## TO DO
What are the lines below, starting at the line containing "Как Ваша компания" and ending at the line containing "与创建Replication"? Write them out exactly, ends included, without pictures.

## DATA FOR THE TASK
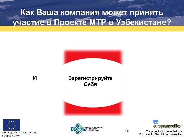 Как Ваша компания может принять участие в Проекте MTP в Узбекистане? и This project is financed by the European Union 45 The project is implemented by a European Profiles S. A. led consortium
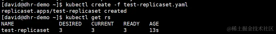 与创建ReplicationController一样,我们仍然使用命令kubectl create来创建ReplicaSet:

* * *

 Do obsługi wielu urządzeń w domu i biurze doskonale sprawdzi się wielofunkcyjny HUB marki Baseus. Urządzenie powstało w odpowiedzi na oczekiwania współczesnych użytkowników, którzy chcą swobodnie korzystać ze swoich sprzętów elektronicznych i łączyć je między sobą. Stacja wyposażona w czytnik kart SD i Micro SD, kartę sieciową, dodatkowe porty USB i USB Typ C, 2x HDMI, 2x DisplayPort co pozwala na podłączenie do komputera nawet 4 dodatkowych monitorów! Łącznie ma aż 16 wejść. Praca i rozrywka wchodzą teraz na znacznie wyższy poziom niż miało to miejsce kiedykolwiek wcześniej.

* * *

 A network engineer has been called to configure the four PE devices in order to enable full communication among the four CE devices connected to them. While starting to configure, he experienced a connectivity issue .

## TASK OUTPUT
 Как Ваша компания может принять участие в Проекте MTP в Узбекистане? и This project is financed by the European Union 45 The project is implemented by a European Profiles S. A. led consortium
 与创建ReplicationController一样,我们仍然使用命令kubectl create来创建ReplicaSet:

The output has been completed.